Il existe plusieurs façons d’introduire de nouveaux aliments, notamment en les mélangeant ou en les mélangeant avec des aliments préférés, ou en associant un nouvel aliment à un aliment préféré, comme un fromage sur un cracker ou un nouveau légume sur une pizza. Cela peut également aider à commencer votre intervention alimentaire avec des aliments qui ont été acceptés auparavant mais que l’enfant ne mange plus.

Commencez petit avec une bouchée, puis progressez progressivement jusqu’à plus de bouchées de cet aliment. Utilisez un article ou un aliment préféré pour renforcer ou récompenser l’enfant pour avoir consommé ce nouvel aliment.

«Cela entre vraiment dans le principe du renforcement positif», explique Hustyi.

Fixez un délai. Pendant 10 minutes, par exemple, un enfant peut regarder une vidéo qu’il aime pendant une courte période; puis, dans une session ABA, un thérapeute mettra cette vidéo en pause et présentera une bouchée de nourriture.

«Dès que l’enfant prend une bouchée, nous le félicitons et réactivons immédiatement la vidéo pendant environ 15 secondes. Quand ils arrêtent de manger, nous faisons une pause et répétons », dit Hustyi.

Une fois ce temps écoulé, la dégustation est terminée. Ne dépassez pas ce délai et ne modifiez pas vos attentes.

L’objectif final, après que l’enfant a goûté à plusieurs reprises à la nourriture, est toujours de travailler à généraliser ou à incorporer les nouveaux aliments aux heures de repas régulières.

Lignes directrices générales pour les parents

Bien que vous deviez consulter le BCBA de votre enfant avant de mettre en œuvre des dégustations alimentaires à la maison, il y a certaines choses que vous pouvez faire pour aider votre mangeur difficile à essayer de nouveaux aliments.
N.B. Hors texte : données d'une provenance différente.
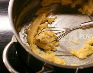 Melt the butter in a saucepan and add the flour. Make a roux and add 1 tablespoon of fish stock. Stay strong beat to clump counter. Let the sauce thicken. Pour the cream and season with pepper and very little salt. Remove from heat, add the egg yolk and beat on. Pour this sauce in salmon cooking, cook for 5 minutes over a very low heat without letting it boil.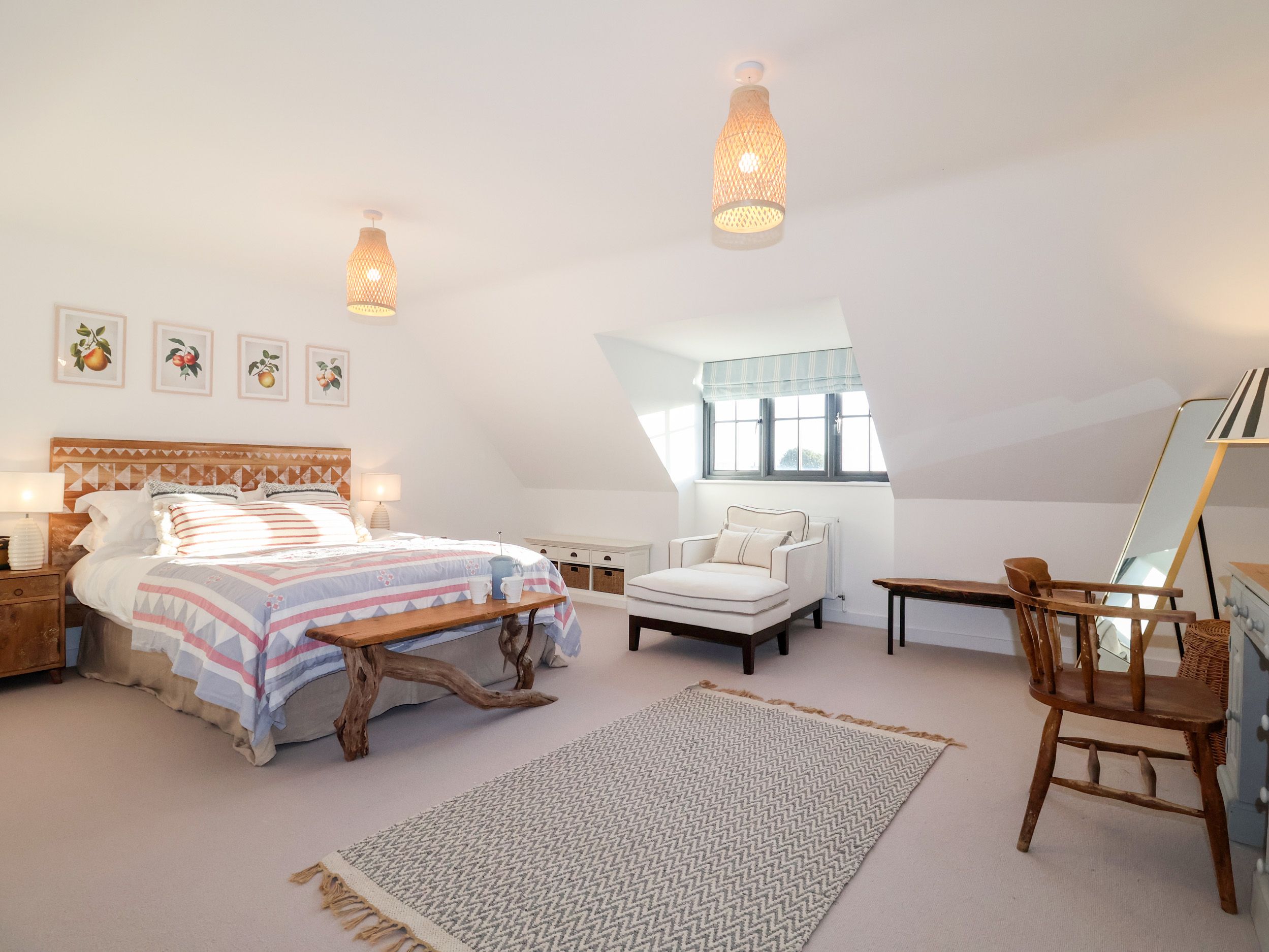 Accomodation Details Three bedrooms: 1 x super-king-size, 1 double with en-suite with walk-in shower, basin and WC, 1 x twin. Bathroom with bath with overhead shower. Kitchen, sitting/dining room.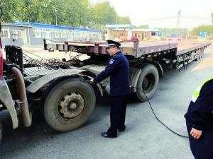 环保执法人员检查大货车污染物排放。市环保局/供图
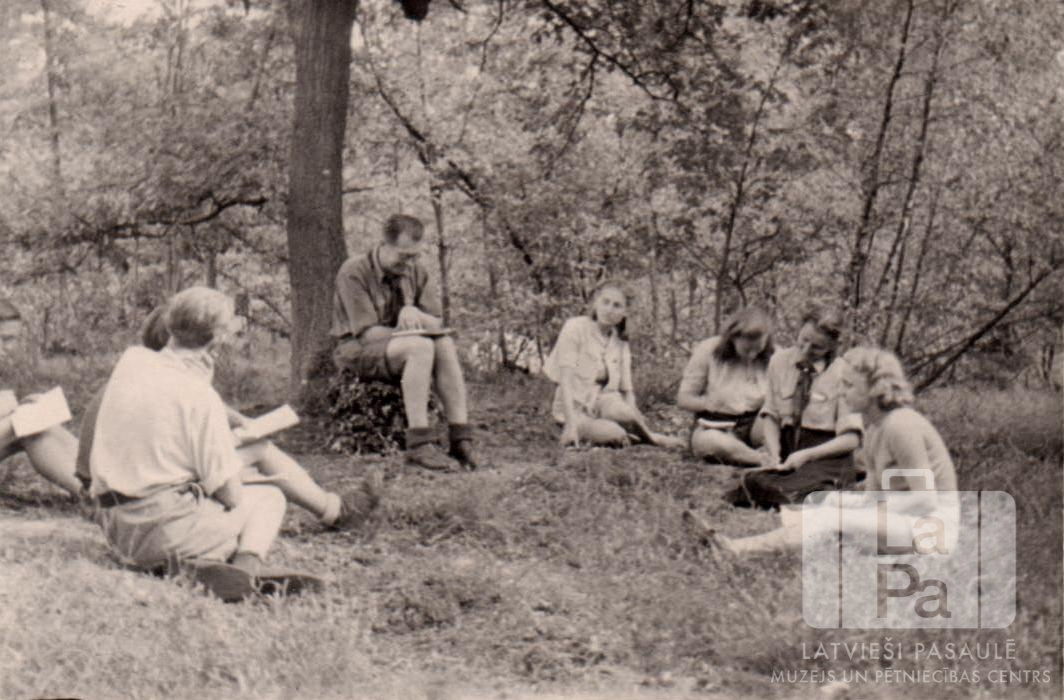 Jaunieši meža malā sēž pusaplī un klausās vīrieša lekciju 6. skautu un gaidu vadītāju sagatavošanas kursos, kas no 1946. gada 8. līdz 16. jūnijam notika Elbas krastā. Kursos piedalījās arī cilvēki no Gēsthahtas (angļu zonā). Jaunieši ir ģērbušies formastērpos, vairākiem rokās ir grāmatas/ pieraksti.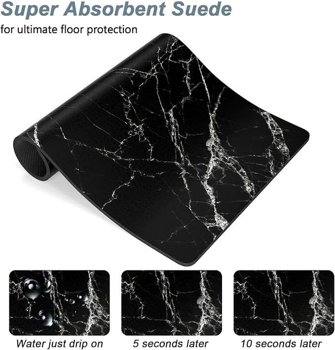 Rnivvi Dog Food Mat, 12" x 19" Marble Absorbent Dog Cat Bowl Mat for Food and Water, Cute Anti-Slip Rubber Pet Feeding Rug Protect Floors, Puppy Placemat for Feeding & Watering Supplies, Black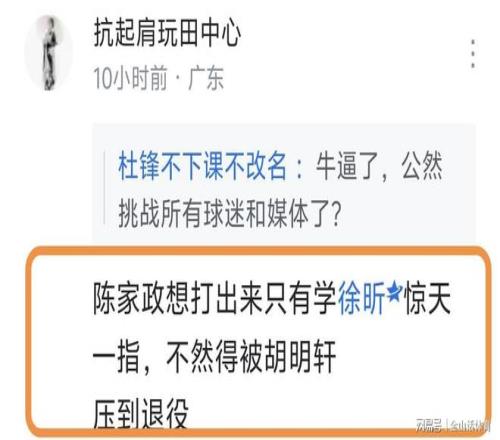 “把誰換下來呢?把誰的時間調(diào)少一點合適呢?”,杜鋒的這番話,賽后引起了眾多廣東球迷的不滿,紛紛在網(wǎng)絡平臺留言。“把你的時間調(diào)少一點,趕緊執(zhí)包袱過主啦”;“張浩嘉:簽對了公司底氣就是足。”;“陳家政想打出來只有學徐昕驚天一指,不然得被胡明軒壓到退役 ”。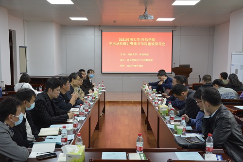 10月10日,2021河南大学-许昌学院光电材料研讨暨重点学科建设指导会在许昌学院化工与材料学院S302会议室举行,河南大学傅声雷副校长、材料学院杜祖亮院长和教育部特种功能材料重点实验室的专家学者和我院师生就光电材料和重点学科建设进行了研讨。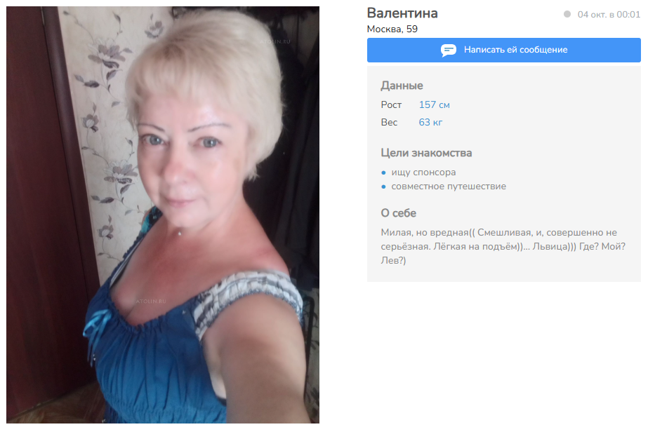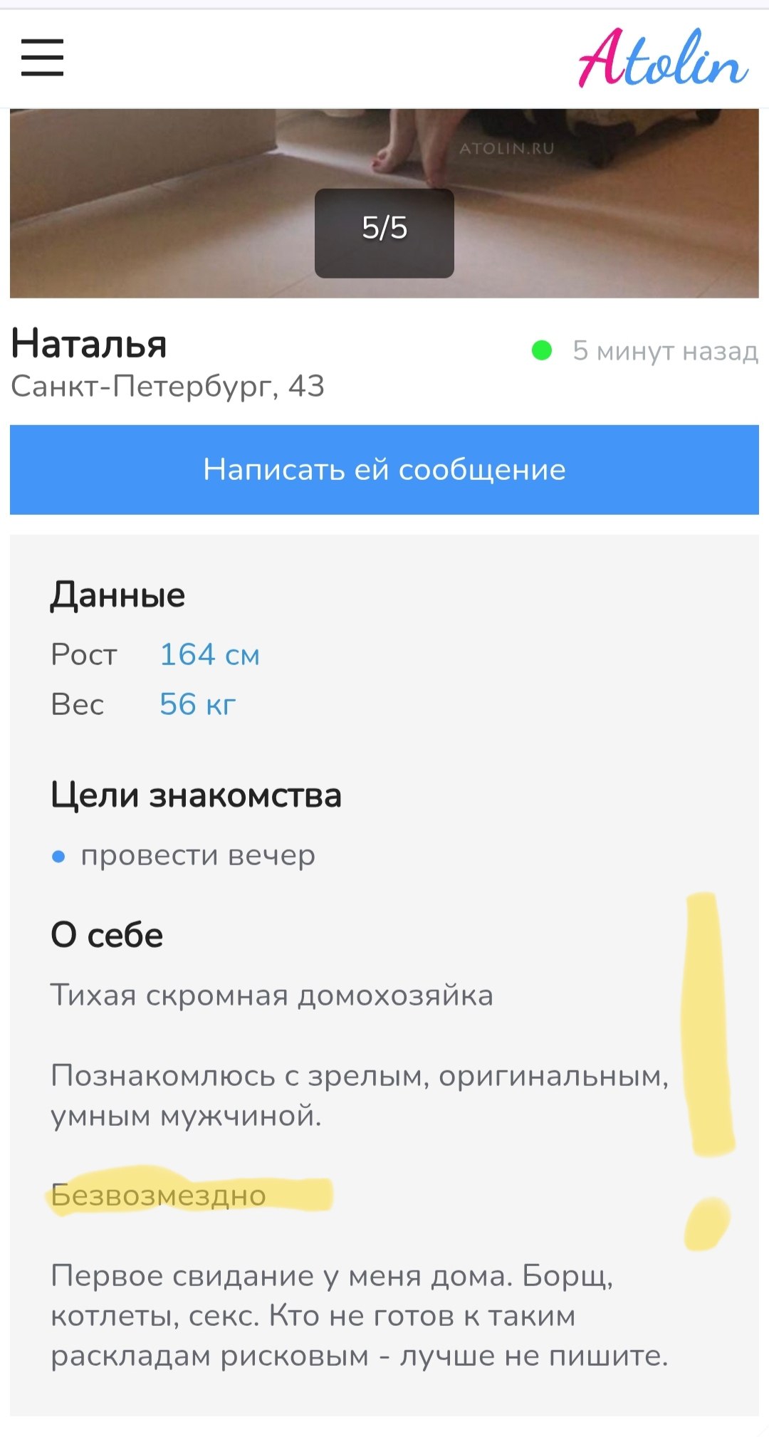 И да - на Атолине пиздеж на пиздеже. Уже воспринимаю как ред флаг когда дамочка не готова на знакомство вживую без интима. Там или с фото пиздеж, или с возрастом пиздеж, или кукуха течет.
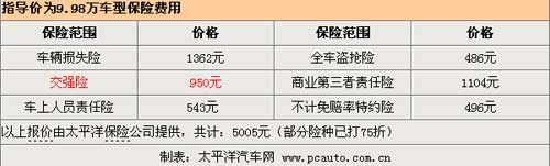 以車身全價購買保險的伊蘭特悅動,在第三者責任險保額為50萬元的情況下,保險的全價在5005元,而在車身價優惠后,保險的費用會有一定的下調,但是下滑幅度并不會非常大。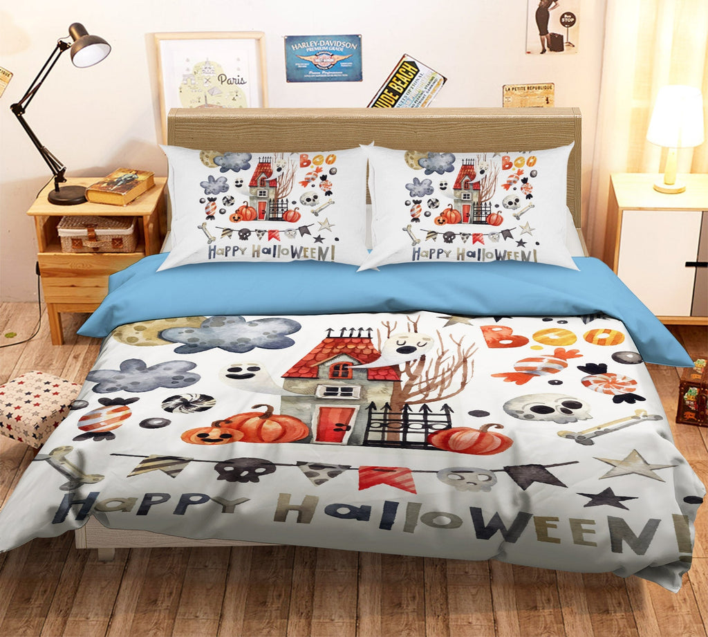 3D House Pumpkin Stars 1201 Halloween Bed Pillowcases Quilt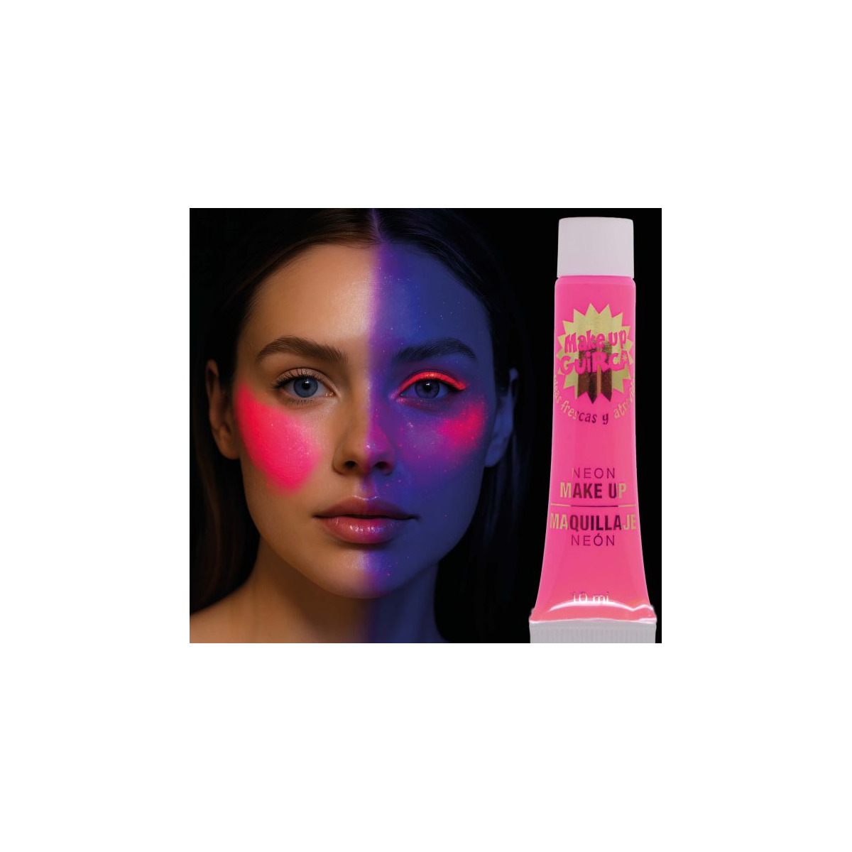 Descubre el Tubo Maquillaje Crema Rosa Neón 10 ml y consigue un look radiante que brilla bajo la luz UV para tus fiestas más divertidas y únicas.

  1. Surveillez les collations. «Trop de grignotage peut enseigner à votre enfant qu’il est acceptable d’éviter les repas», dit Hustyi, «et cela diminue également la motivation à essayer de nouveaux aliments.»
  2. Examinez la quantité et les types de liquides consommés. Un enfant pourrait consommer un grand nombre de calories simplement grâce à ce qu’il boit. Limitez la quantité de lait ou de jus, selon l’âge de l’enfant. Vérifiez auprès du pédiatre de votre enfant pour vous assurer que la quantité qu’il boit est appropriée à son âge.
  3. Obtenez un calendrier. «Apprenez à votre enfant à suivre un horaire cohérent qui comprend les repas, les collations et les bains.»
  4. Créez un bon environnement pour les repas. Les parents doivent montrer de bonnes habitudes. Mangez les mêmes aliments que votre enfant mange et concentrez-vous sur le repas devant vous. Évitez les distractions.
  5. Attendez-vous à une résistance. «Il y aura très probablement des comportements problématiques, des résistances», explique Hustyi. «J’exhorte les parents à s’y préparer.» Faites attention lorsque votre enfant répond aux attentes et faites de votre mieux pour ignorer les comportements inappropriés comme la négociation.

Pour plus d’informations sur les services de soutien à domicile pour autisme, visitez autismhomesupport.com.